Pour autant, l’option du serveur institutionnel comporte l’inconvénient des embargos (ou barrières mobiles) qui peuvent être exigés dans les contrats des auteurs. Il faut attendre six mois, voire plusieurs années, pour que l’article soit officiellement en accès libre. Une solution intermédiaire pour contourner ces embargos est celle de la prépublication (preprint): les scientifiques sont encouragés à déposer la version de leur texte soumise à la «révision», ou encore leur manuscrit dès que paraît sa version imprimée. Comme la prépublication ne comprend pas les modifications, parfois importantes, réalisées à la demande de la revue, elle est un choix risqué, mais néanmoins très commun dans certaines disciplines comme l’économie.
Et l’Institut dans tout cela?
Plus de 9500 publications des professeurs, chercheurs et étudiants de l’Institut sont référencées sur le serveur institutionnel et 35% d’entre elles y sont en accès intégral. «La grande majorité de ces publications ne sont pas en accès libre en raison du droit d’auteur», précise Yves Corpataux, responsable de la bibliothèque de l’Institut.
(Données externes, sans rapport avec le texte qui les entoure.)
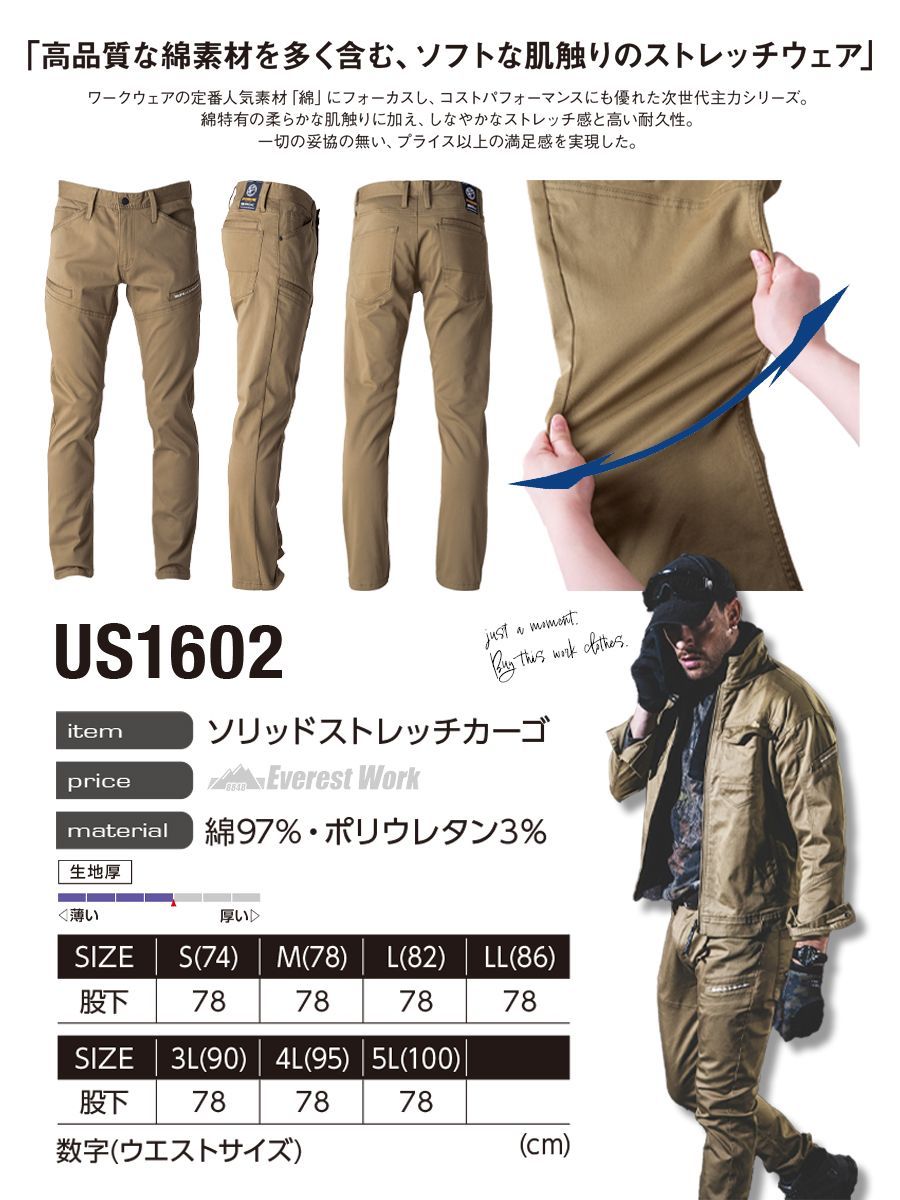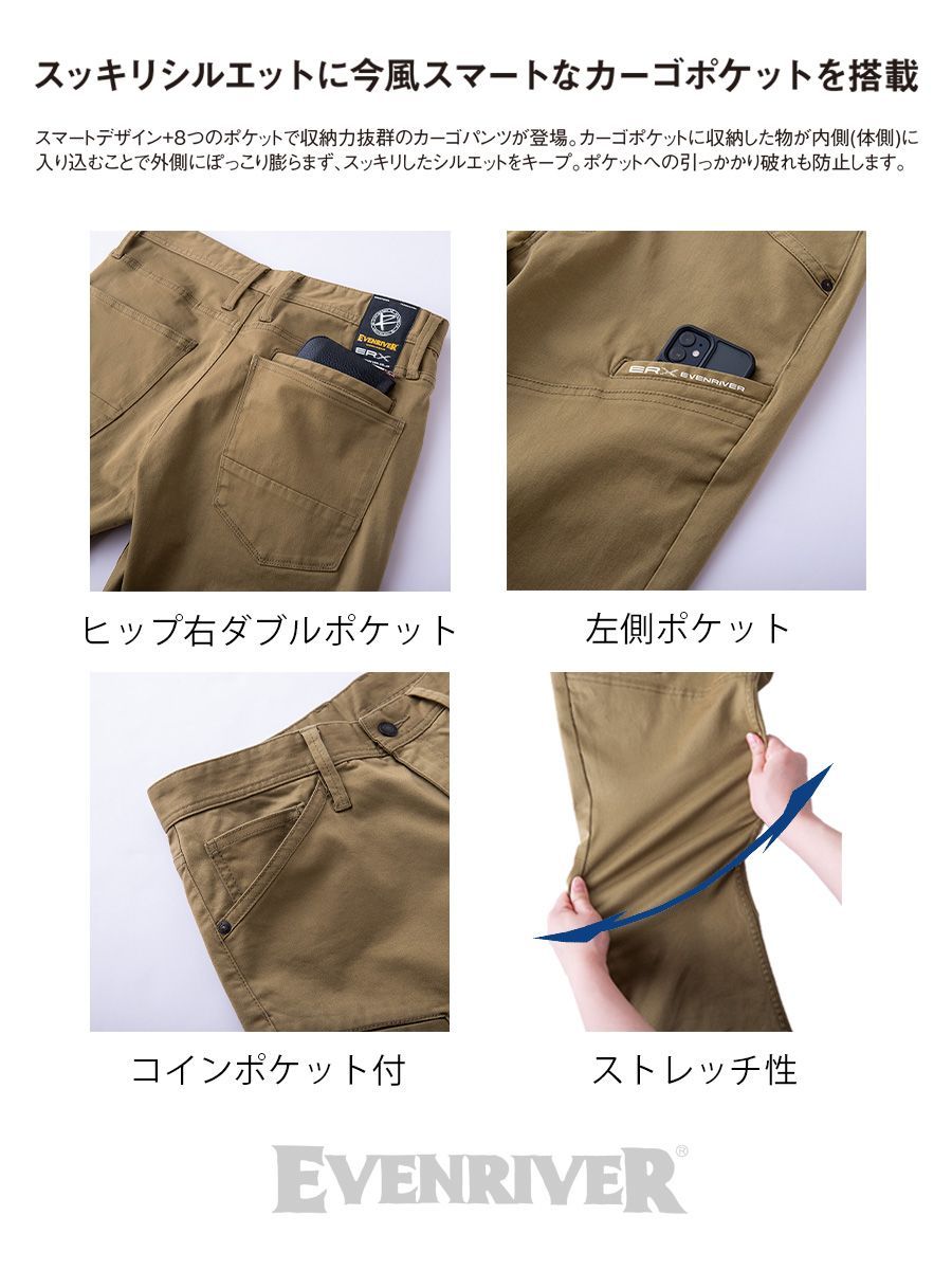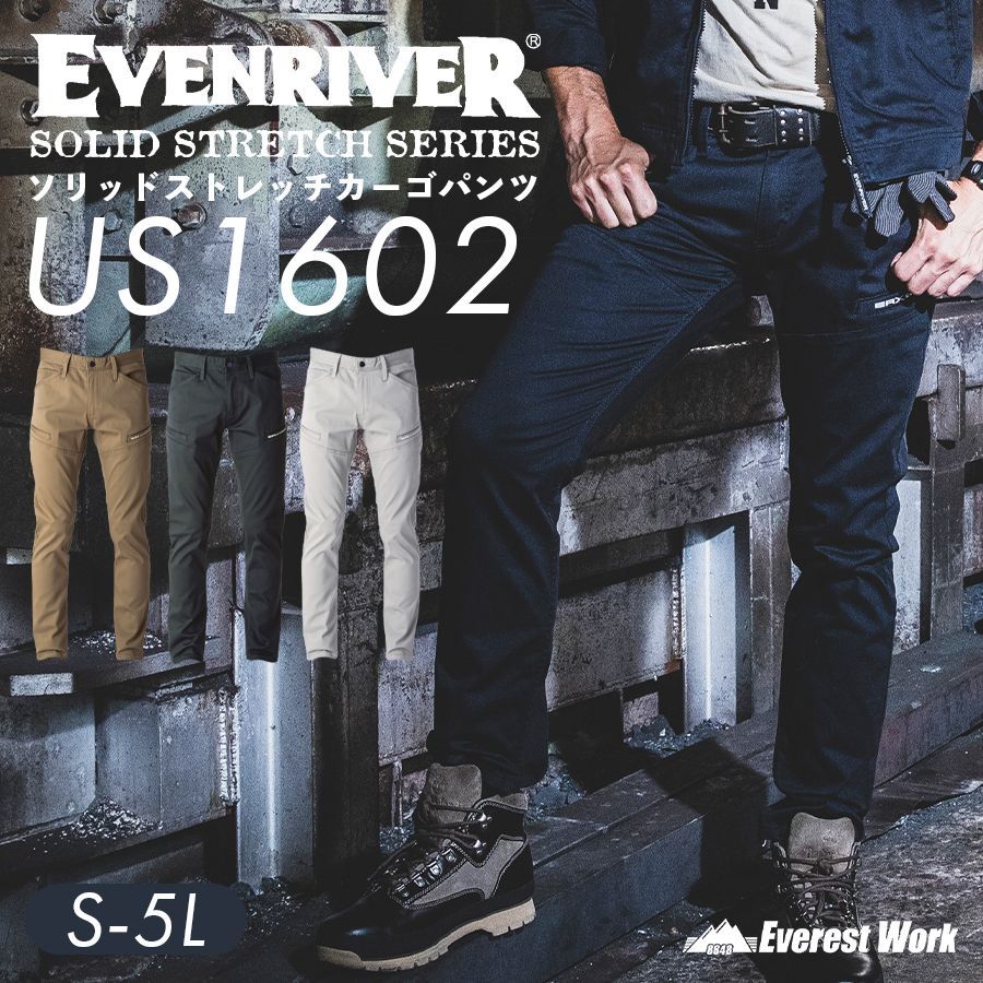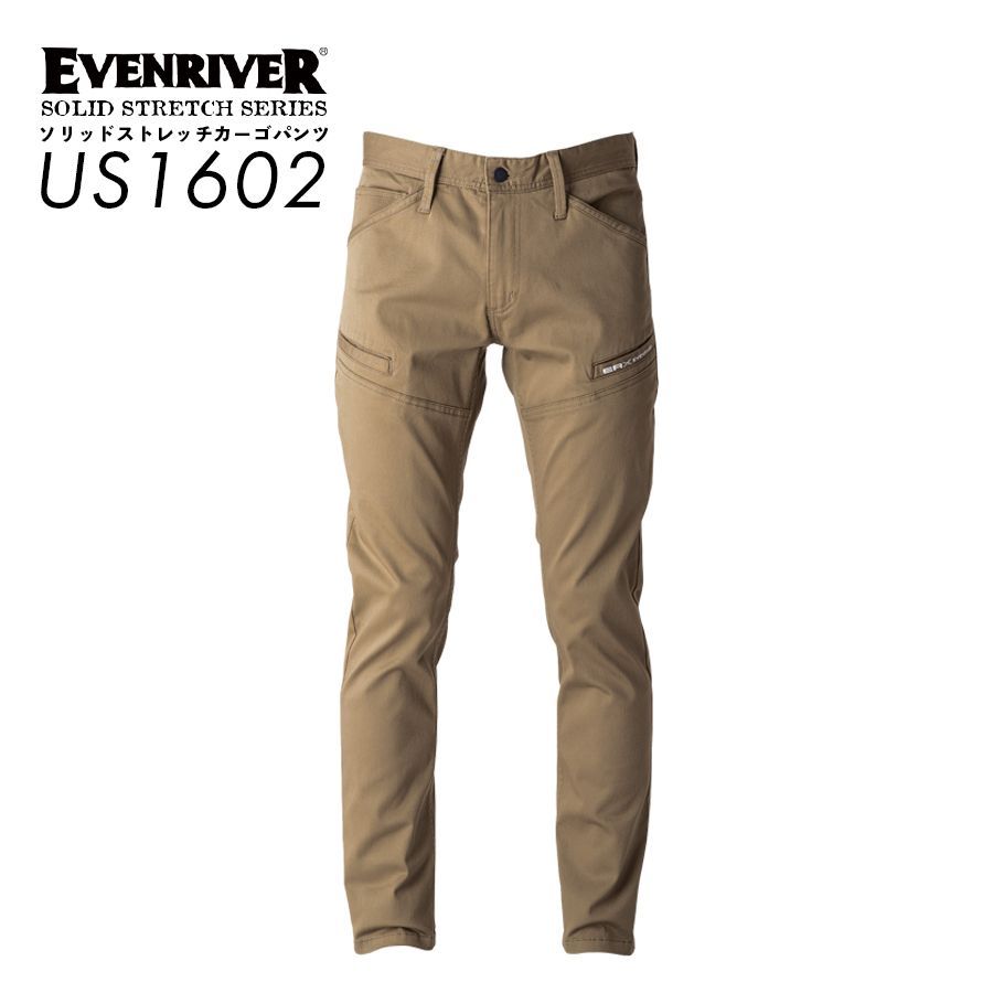 ソリッドストレッチカーゴ イーブンリバー US1602 カーキ カーゴパンツ メンズ 綿 ストレッチ 作業ズボン 作業着 作業服 EVENRIVER 綿混 やや厚手 全4色 『S~5L』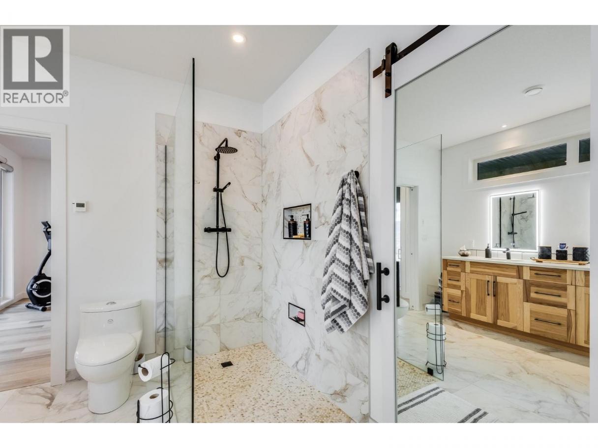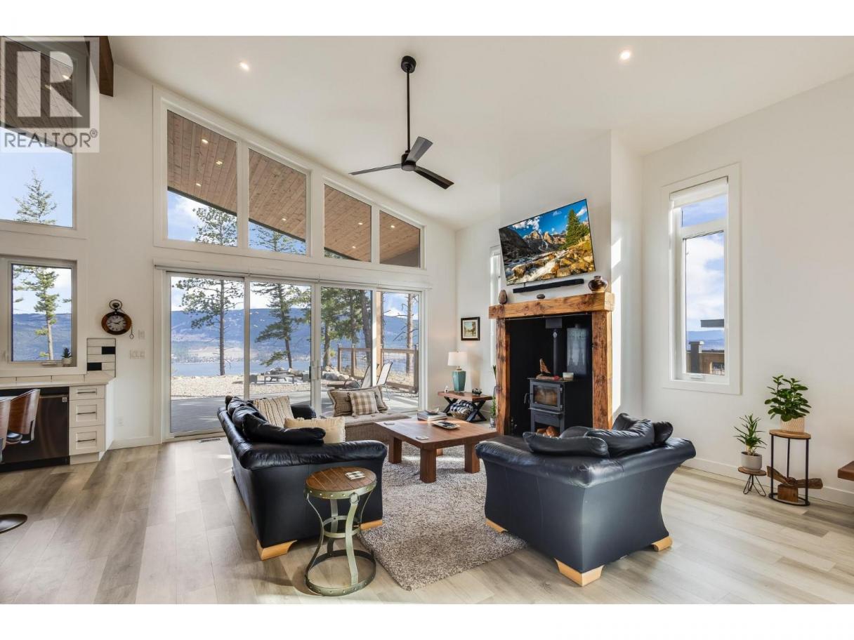 Welcome to 7235 Dunwaters, a custom built 2 storey masterpiece set on .28 acre flat lot with sweeping lake and mountain views that can’t be obstructed and breathtaking from every single room.The moment you step inside,vaulted ceilings and floor-to-ceiling windows immediately impress, flooding the open-concept main level with natural light.The kitchen is a showpiece with white cabinetry,high-end S/S appliances, and an Italian gourmet propane dual oven stove by Bertazzoni,a dream setup for anyone with a passion for cooking. A perfectly placed window over the sink means even dish duty comes with a view.The living room, anchored by a wood-burning fireplace, flows seamlessly onto the expansive deck — ideal for sunset dinners and weekend entertaining.The primary suite a spacious retreat including a stunning 5-piece spa like ensuite and a walk-in closet designed to impress. Upstairs there are two additional beds and one bath. A bonus lofted area overlooking the main level that offers a light-filled space perfect for a home office or reading nook.Comfort meets efficiency with hydronic in-floor heating throughout the entire ground floor. Even the oversized triple garage is equipped with heated floors and independent climate control.The flat lot provides endless parking, plus a motorhome hook-up rough-in and a sani-dump connection to the home’s septic system — designed with convenience in mind.Luxury, functionality, and forever views — all in one incredible package. (id:6769)

Et d’ajouter: «À ce jour, le serveur institutionnel ne contient pas suffisamment de prépublications et postpublications de nos professeurs.» Pourtant, la plupart des éditeurs offrent à leurs auteurs la possibilité d’un tel dépôt, sous certaines conditions. Il existe d’ailleurs une base de données, Sherpa/Romeo, qui permet de connaître les politiques d’archivage et de libre accès des principaux éditeurs.
Chaque année, les bibliothèques scientifiques font face à une augmentation injustifiée des licences d’environ 5%. Cette situation est de plus en plus difficile à supporter, même pour les universités riches, aussi bien du point de vue éthique qu’économique. Elle renforce en outre les inégalités entre les pays du Nord et du Sud, entre les grands pôles universitaires et les universités périphériques. Du coup, pour Yves Corpataux, «la bibliothèque de l’Institut défend évidemment le mouvement de l’accès libre, mais la complexité des enjeux – financiers, académiques et éditoriaux – est telle qu’il est indispensable que les universités agissent de concert, que ce soit au niveau national ou international.»
Dans les années à venir, l’Institut ne fera pas l’économie d’une réflexion sur la nécessité, ou pas, de développer une politique globale du libre accès.
- Voir le dossier du FNS sur le libre accès.
Références citées:
– FNS, «Aperçu de la réglementation du FNS relative au libre accès», version du 6 mai 2014.
– Tennant, Jonathan P., François Waldner, Damien C. Jacques et al., «The Academic, Economic and Societal Impacts of Open Access: An Evidence-Based Review» [version 1; referees: 2 approved], F1000Research, vol. 5., no. 632, 2016. doi:10.12688/f1000research.8460.1.
– Union européenne, «Plan d’action d’Amsterdam sur l’innovation en matière de science ouverte», communiqué de presse, 6 avril 2016.